StringBuffer
When you need to build or modify a string repeatedly — especially in a multi-threaded environment — StringBuffer is your tool. Unlike a regular String, which is immutable (every “change” creates a new object), a StringBuffer lets you mutate the same object in place without generating a pile of intermediate strings.
Why Not Just Use String?
Every time you modify a String, Java creates a brand-new object on the heap:
String s = "Hello";
s += ", World"; // a new String object is allocated
s += "!"; // another new String object
For a handful of concatenations that is fine. But inside a loop with thousands of iterations, you can create thousands of throwaway String objects, putting real pressure on the garbage collector. StringBuffer solves this by maintaining a resizable internal char[] buffer and mutating it directly.
Note: Java’s String immutability is intentional and valuable (caching, security, thread safety for literals).
StringBufferis a complement, not a replacement.
Creating a StringBuffer
// 1. Empty buffer with default capacity (16 chars)
StringBuffer sb1 = new StringBuffer();
// 2. Start with an initial string (capacity = string length + 16)
StringBuffer sb2 = new StringBuffer("Hello");
// 3. Specify an initial capacity
StringBuffer sb3 = new StringBuffer(64);
Tip: If you know roughly how large your final string will be, pass that estimate to the constructor. This avoids costly array-resize operations.
Commonly Used Methods
append()
The workhorse method. It appends almost anything — strings, numbers, booleans, characters, even other objects — to the end of the buffer.
StringBuffer sb = new StringBuffer("Hello");
sb.append(", ");
sb.append("World");
sb.append('!');
System.out.println(sb.toString());
Output:
Hello, World!
append() is overloaded to accept String, int, long, float, double, char, boolean, char[], CharSequence, and Object.
insert()
Inserts content at a specific index:
StringBuffer sb = new StringBuffer("Hello World");
sb.insert(5, ",");
System.out.println(sb);
Output:
Hello, World
replace()
Replaces characters in the range [start, end):
StringBuffer sb = new StringBuffer("Hello Java");
sb.replace(6, 10, "World");
System.out.println(sb);
Output:
Hello World
delete() and deleteCharAt()
StringBuffer sb = new StringBuffer("Hello, World!");
sb.delete(5, 7); // removes ", "
System.out.println(sb); // Hello World!
sb.deleteCharAt(5); // removes space
System.out.println(sb); // HelloWorld!
Output:
Hello World!
HelloWorld!
reverse()
Reverses the entire sequence in place — a one-liner for the classic reverse a string problem:
StringBuffer sb = new StringBuffer("abcde");
sb.reverse();
System.out.println(sb);
Output:
edcba
indexOf() and lastIndexOf()
StringBuffer sb = new StringBuffer("banana");
System.out.println(sb.indexOf("an")); // 1
System.out.println(sb.lastIndexOf("an")); // 3
substring()
Returns a new String (not a StringBuffer) from the buffer:
StringBuffer sb = new StringBuffer("Hello, World!");
System.out.println(sb.substring(7)); // World!

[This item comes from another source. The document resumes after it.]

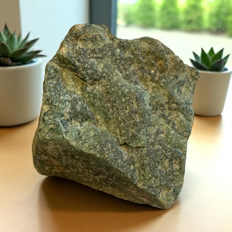 Ez a 40 grammos aventurin darab nyers formájában őrzi a természet erejét és nyugalmát. A kő felületén lágyan csillogó zárványok, fémes pontok és zöldes szürkés foltok váltakoznak, mintha a Föld mélyéből származó geológiai térkép elevenedne meg a kezünkben. A természetesség ereje ebben az ásványban teljes mértékben jelen van – egyszerre vad és gyógyító.

System.out.println(sb.substring(7, 12)); // World
length() and capacity()
StringBuffer sb = new StringBuffer("Hello");
System.out.println(sb.length()); // 5 — number of chars currently stored
System.out.println(sb.capacity()); // 21 — internal array size (5 + 16 default)
charAt() and setCharAt()
StringBuffer sb = new StringBuffer("Hello");
System.out.println(sb.charAt(1)); // e
sb.setCharAt(0, 'h');
System.out.println(sb); // hello
Thread Safety
Every mutating method in StringBuffer — append, insert, delete, replace, reverse — is declared synchronized. This means only one thread can call a method on a given StringBuffer instance at a time, making it safe for concurrent use.
StringBuffer log = new StringBuffer();
Runnable task = () -> {
for (int i = 0; i < 100; i++) {
log.append("x"); // safe from multiple threads
}
};
Thread t1 = new Thread(task);
Thread t2 = new Thread(task);
t1.start(); t2.start();
t1.join(); t2.join();
System.out.println(log.length()); // always 200
Warning:
synchronizedprevents data corruption, but it does not make a compound operation like read-then-write atomic. If you need higher-level atomicity, usejava.util.concurrentutilities.
Under the Hood
Internally, StringBuffer stores characters in a char[] (prior to Java 9) or a byte[] with a coder field (Java 9+ compact strings). The buffer starts at 16 characters of headroom beyond your initial content.
Capacity growth: When an append would exceed the current capacity, StringBuffer allocates a new array of size (oldCapacity × 2) + 2 and copies the existing data over. This amortises the cost of resizing, giving you O(1) amortised append performance — similar to ArrayList’s growth strategy.
The synchronized keyword compiles to MONITORENTER / MONITOREXIT bytecodes. Acquiring an uncontended monitor in the JVM is cheap (a single CAS on the object header), but under heavy contention threads block and context-switch — which is why StringBuilder exists for single-threaded use.
StringBuffer vs StringBuilder
| Feature | StringBuffer | StringBuilder |
|---|---|---|
| Thread-safe | Yes (synchronized) | No |
| Performance | Slightly slower | Faster (no lock overhead) |
| Introduced in | Java 1.0 | Java 5 |
| Use case | Shared mutable strings across threads | Building strings in a single thread |
Tip: In most single-threaded code — including the overwhelming majority of everyday string building — prefer StringBuilder. Only reach for
StringBufferwhen multiple threads genuinely share the same buffer object.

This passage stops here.